In Minnesota, joint custody does not necessarily mean a 50-50 parenting time arrangement. “Joint custody” has a specific meaning under the law. A 50-50 split is just one potential parenting time arrangement. More divorcing parents are going that route of equal time with the children, but it is not practical for every family or best for every child.
So what is joint custody?
Joint custody refers to a shared responsibility for the child and an expectation that both parents have significant involvement. Minnesota statute distinguishes between two types of custody:
- Legal custody means the right to determine the child’s upbringing regarding major decisions in the child’s life. It refers to decision-making related to the child’s schooling, health care, and religious upbringing. Joint legal custody means that both parents have equal rights and responsibilities in these decisions, even if the child lives mostly with one parent.
- Physical custody refers to where the child lives and the day-to-day care and control of the child. Joint physical custody simply means a structured residency arrangement between the parents, but not necessarily 50 percent time at each household.
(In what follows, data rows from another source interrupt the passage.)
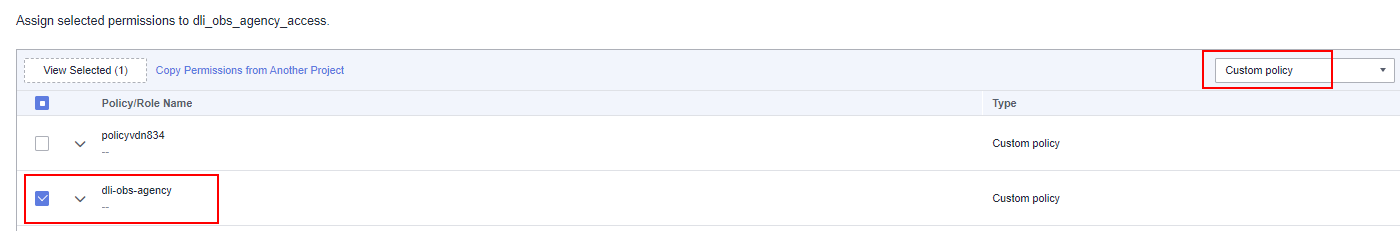 In this example, set it to dli_obs_agency_access.
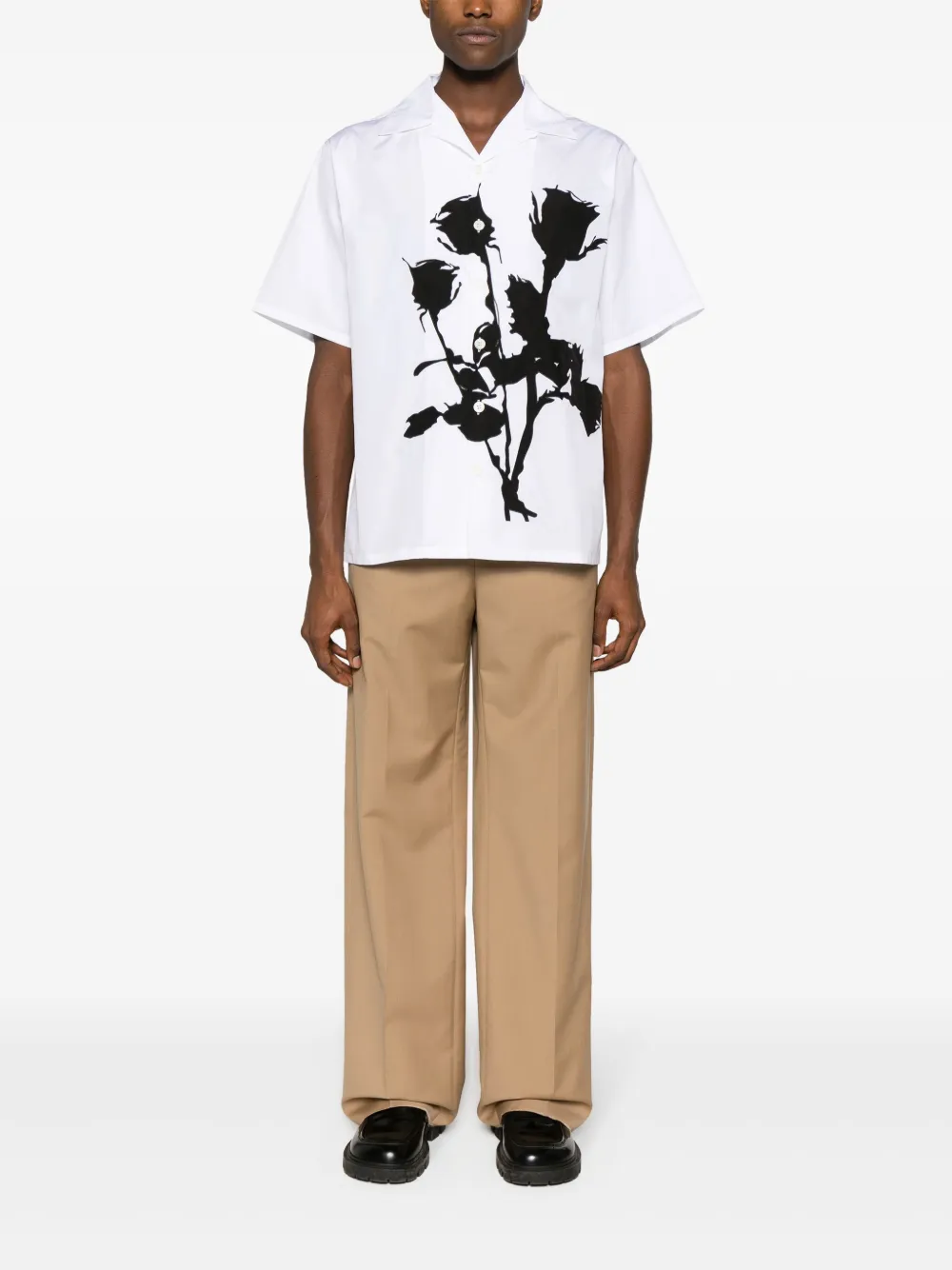 Поплиновая рубашка с цветочным принтом Prada, белый
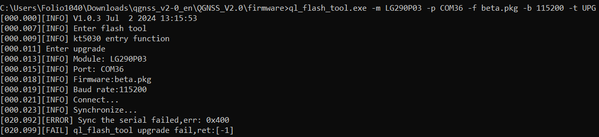 I used a separate serial port for sending the command. Tested the firmware update on UARTs 1 and 2. The QGNSS always reports the sync error after 20s of trying, Sync the serial failed,err: 0x400. I can see the tool sending the sync packets but the LG290P does not respond.
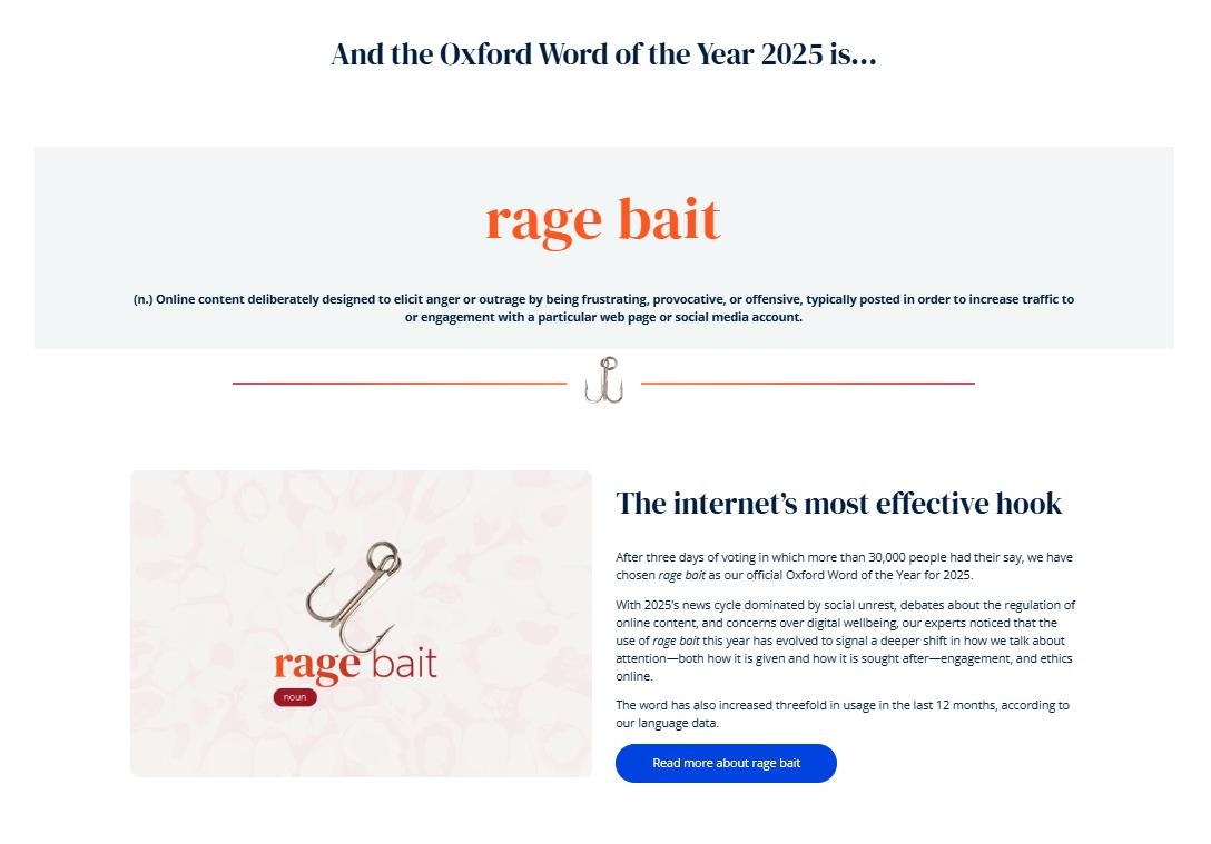 '옥스퍼드 영어사전(OED)’을 편찬·발간하는 옥스퍼드대 출판부(OUP) 산하 '옥스퍼드 랭귀지스' 사업부가 2025년 '올해의 단어'로 '분노 미끼(rage bait)’를 선정했다.
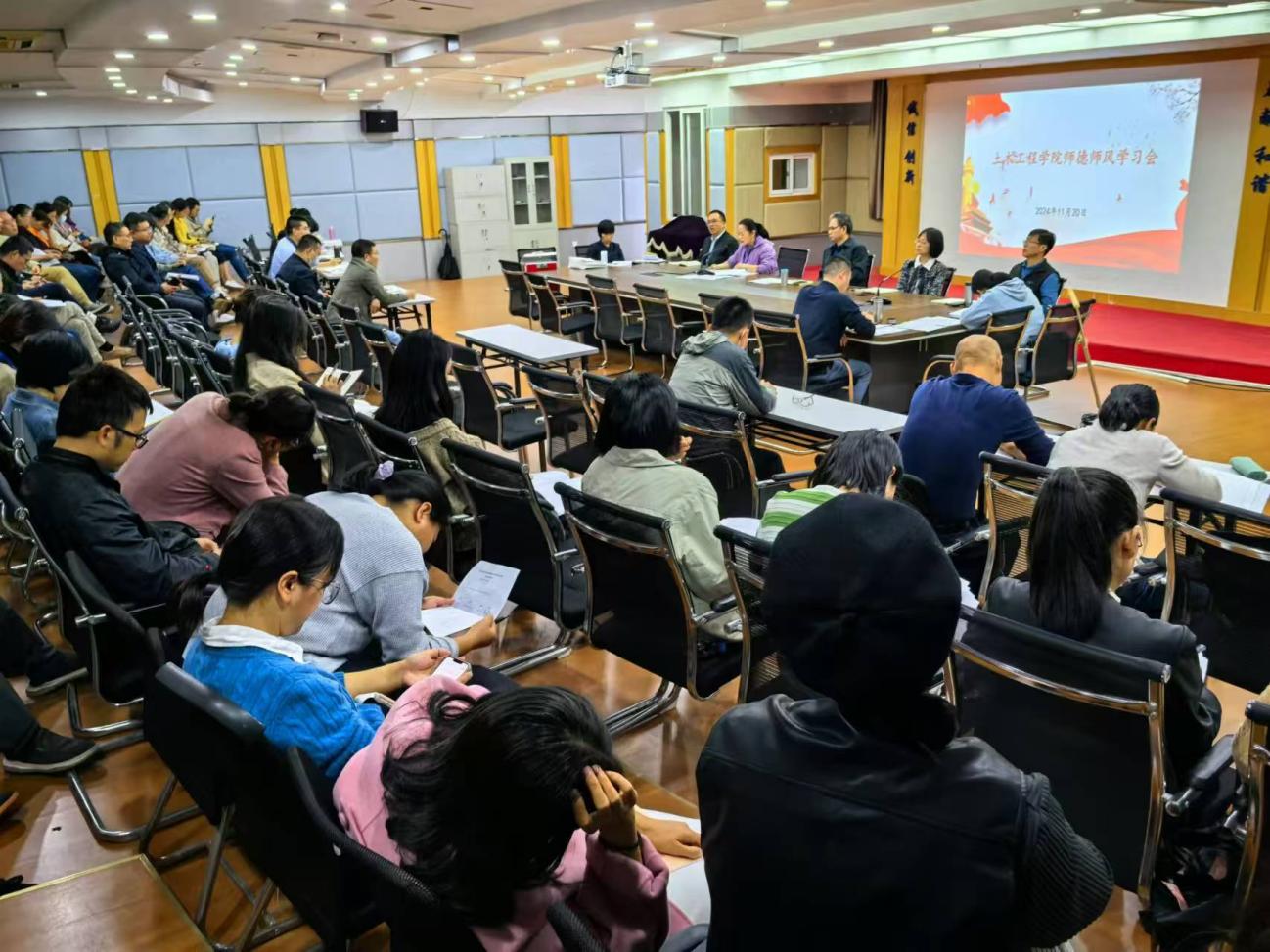 11月20日,土木工程学院在创新楼1007召开师德师风专题学习会。土木工程学院全体教职工参加本次会议,会议由党总支书记高杰同志主持。
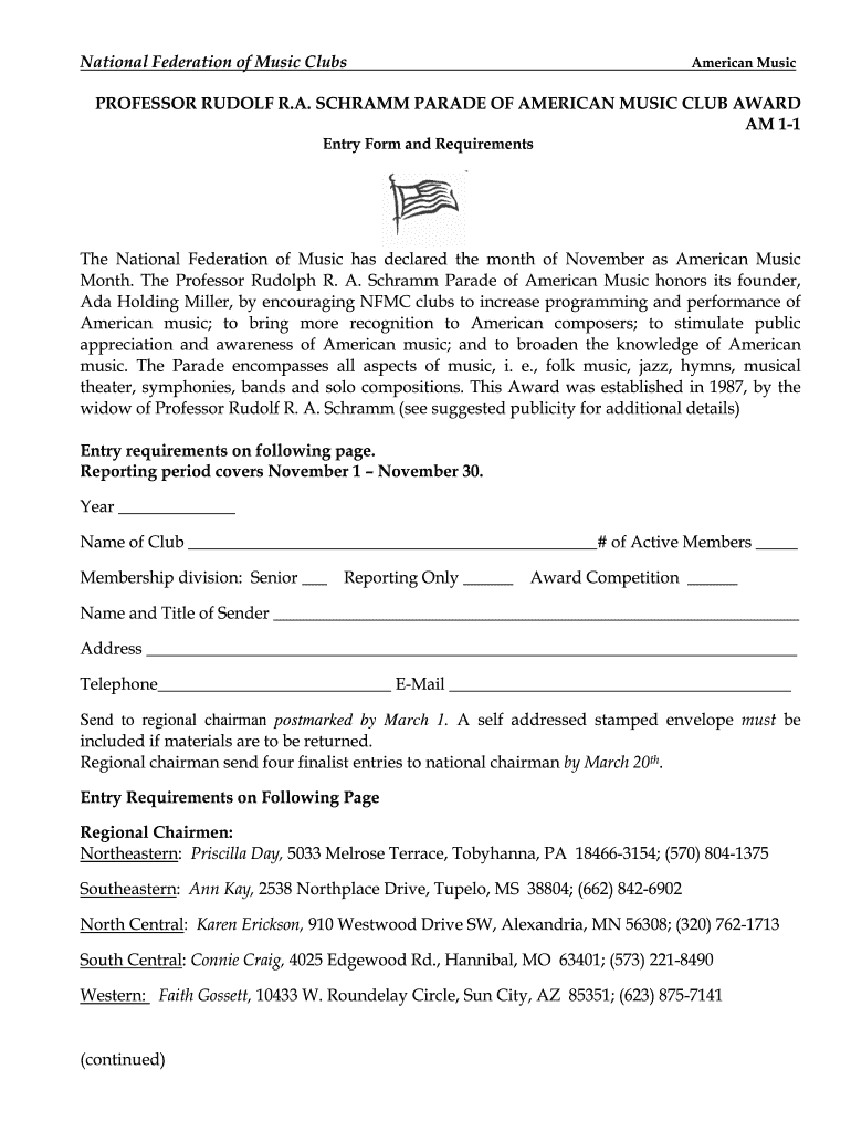 Entry Form and Requirements National Federation of Music has declared the month

There is no magic number of days that equates to sole custody. Sole custody is appropriate when one parent is disengaged from the child or unfit to share parenting responsibilities. Significant mental health issues, substance abuse, and domestic violence trigger careful consideration of what type of custody is appropriate, and sole custody is often most appropriate in such cases. There are other reasons when sole custody is more appropriate than joint custody. If a parent has been in and out of the child’s life or has historically chosen to not participate with the “heavy lifting” of parenting, it may not be best for the child that the parent suddenly be given the rights and responsibilities of joint physical custody.
Does 50-50 child custody work?
More and more parents are opting for 50-50 parenting time schedules, or something close, and equal participation in child-rearing decisions. Many households today are dual earners. Children today are likely living in environments where both parents are working, both parents are doing household tasks, both parents are providing daily hands-on care for the children, and both parents are driving kids around town for the many activities that kids are involved in. For many families, an equal or near equal parenting time arrangement allows the family to function as close as possible to how they managed day-to-day life when the parents were still together.
But that 50-50 ideal is not always possible and is not always in the child’s best interests. There are many factors to balance: work schedules and kids’ schedules, the distance between residences and the distance to school or daycare, the children’s bedtimes, and the age and temperament of the kids are just a few. Sometimes a child is simply more attached to one parent. Or, perhaps one parent travels frequently or works the night shift. Joint custody ensures that parents stay involved even if they have less than 50% of the parenting time. Parents should never view less than 50% parenting time as an impediment to their relationship with their children. Kids won’t look back to their childhood and see a balance sheet of hours they spent with each parent. They will grow up remembering their experiences with each parent and the way their parents allowed or didn’t allow them to just be kids and love both parents.
The custody decree is not carved in stone
The schedule you create at the time of divorce does not necessarily stay all the way until the child emancipates. The amount of parenting time might very well need to change as the child grows. I tell parents not to freak out if their 2-year-old doesn’t have a 50-50 schedule; that may not be realistic for a toddler. You can set milestones to revisit the parenting plan or create steppingstones in the agreement to gradually get to equal parenting time if that is best for the child.
Labels like joint physical custody have little bearing day-to-day. The major focus is rather on the parenting schedule and parenting provisions like drop-off times and locations, holidays, family gatherings, and other aspects of parenting. Work with a lawyer who has experience foreseeing potential problems down the road and in negotiating the details of these agreements to anticipate and plan for future problems. Ambiguity and omissions in the parenting agreement are the source of many ongoing custody and parenting disputes following a divorce or custody determination.
The answer is intended to be for informational purposes only. It should not be relied on as legal advice, nor construed as a form of attorney-client relationship.